- What is being asked:
A faithful copy of the data below is required, leaving out every picture.

- Provided material:
▼

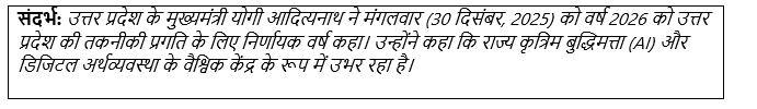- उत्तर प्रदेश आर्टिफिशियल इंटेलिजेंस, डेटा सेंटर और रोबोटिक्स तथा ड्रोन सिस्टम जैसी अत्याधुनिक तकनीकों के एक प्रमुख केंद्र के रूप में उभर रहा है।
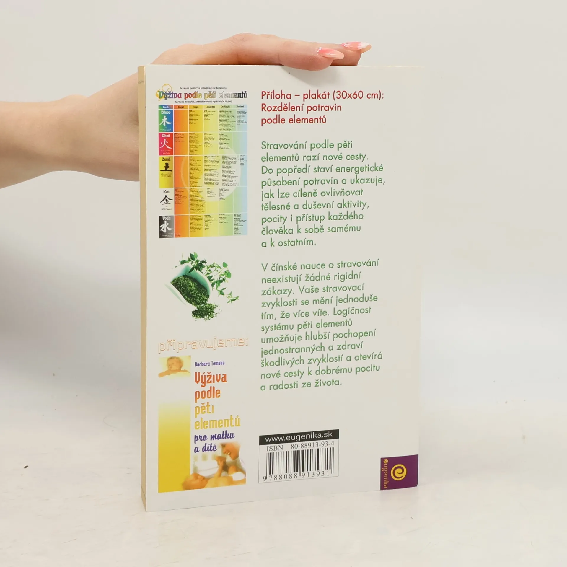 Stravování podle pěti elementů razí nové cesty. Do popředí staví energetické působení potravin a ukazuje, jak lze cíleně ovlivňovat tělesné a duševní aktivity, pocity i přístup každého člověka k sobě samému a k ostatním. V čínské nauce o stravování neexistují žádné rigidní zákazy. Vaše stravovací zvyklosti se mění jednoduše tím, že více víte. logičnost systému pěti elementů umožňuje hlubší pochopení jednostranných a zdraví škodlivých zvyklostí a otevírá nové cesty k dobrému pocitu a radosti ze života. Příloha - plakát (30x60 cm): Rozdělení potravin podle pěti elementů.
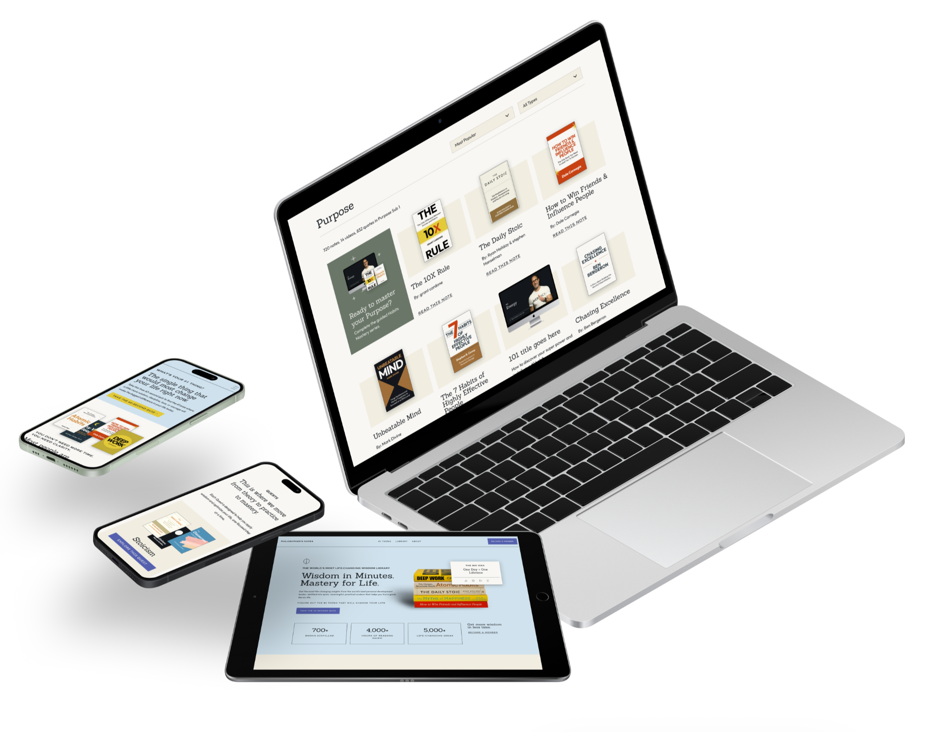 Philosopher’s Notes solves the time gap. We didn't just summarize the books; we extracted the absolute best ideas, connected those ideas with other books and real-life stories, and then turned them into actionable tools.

▲

- Expected answer:
- उत्तर प्रदेश आर्टिफिशियल इंटेलिजेंस, डेटा सेंटर और रोबोटिक्स तथा ड्रोन सिस्टम जैसी अत्याधुनिक तकनीकों के एक प्रमुख केंद्र के रूप में उभर रहा है।
 Stravování podle pěti elementů razí nové cesty. Do popředí staví energetické působení potravin a ukazuje, jak lze cíleně ovlivňovat tělesné a duševní aktivity, pocity i přístup každého člověka k sobě samému a k ostatním. V čínské nauce o stravování neexistují žádné rigidní zákazy. Vaše stravovací zvyklosti se mění jednoduše tím, že více víte. logičnost systému pěti elementů umožňuje hlubší pochopení jednostranných a zdraví škodlivých zvyklostí a otevírá nové cesty k dobrému pocitu a radosti ze života. Příloha - plakát (30x60 cm): Rozdělení potravin podle pěti elementů.
 Philosopher’s Notes solves the time gap. We didn't just summarize the books; we extracted the absolute best ideas, connected those ideas with other books and real-life stories, and then turned them into actionable tools.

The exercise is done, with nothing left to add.